Given a matrix ${\displaystyle A}$ with characteristic polynomial ${\displaystyle x^3+k{x}^2+lx+m}$, with ${\displaystyle m}$ invertible, the characteristic polynomial of ${\displaystyle A^{-1}}$ is ${\displaystyle x^3+(l/m)x^2+(k/m)x+(1/m)}$. We need to choose values of ${\displaystyle k,l,m}$ such that these characteristic polynomials are distinct. Consider the case ${\displaystyle k=m=-1,l=0}$. Thus, ${\displaystyle A}$ has characteristic polynomial ${\displaystyle x^3-x^2-1}$ and ${\displaystyle A^{-1}}$ has characteristic polynomial ${\displaystyle x^3+x-1}$.

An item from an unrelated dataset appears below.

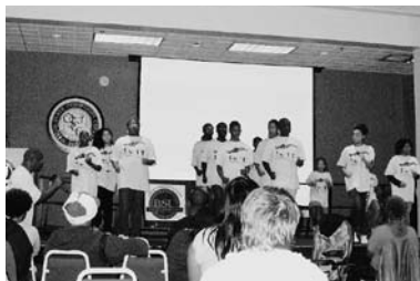
クワンザ地区の子どもたちによるダンスパフォーマンス

秋学期も後半になり、大学の研究や講義で生徒たちもだんだん忙しくなります。今学期中は私自身も、定性的研究の一貫でフィールドワークに大学外で研究・データ集計する機会が何度かありました。今現在取り組んでいるプロジェクトは、トリードのダウンタウン近郊にある治安の最も悪いスラム街であるクワンザ地区の経済の活性化、治安の維持を目指すというものです。市内では別名で最も“ニグレクト”された地域とも言われている中、住民と研究員とが一貫となり対策を講じていくのが狙いです。

Explicitly, we could choose:

${\displaystyle A=\left(\begin{array}{ccc}0& 0& 1\\ 1& 0& 0\\ 0& 1& 1\\ \end{array}\right),A^{-1}=\left(\begin{array}{ccc}0& 1& 0\\ -1& 0& 1\\ 1& 0& 0\\ \end{array}\right)}$

These have different traces (1 and 0). Note that the example works even over field:F2 and rings of characteristic two.

Case of higher ${\displaystyle n}$

We can pad the example given above with the identity matrix, i.e., using ${\displaystyle A}$ and ${\displaystyle A^{-1}}$ as above, set:

${\displaystyle B=\left(\begin{array}{cc}A& 0\\ 0& I_{n-3}\\ \end{array}\right),B^{-1}=\left(\begin{array}{cc}{A}^{-1}& 0\\ 0& I_{n-3}\\ \end{array}\right)}$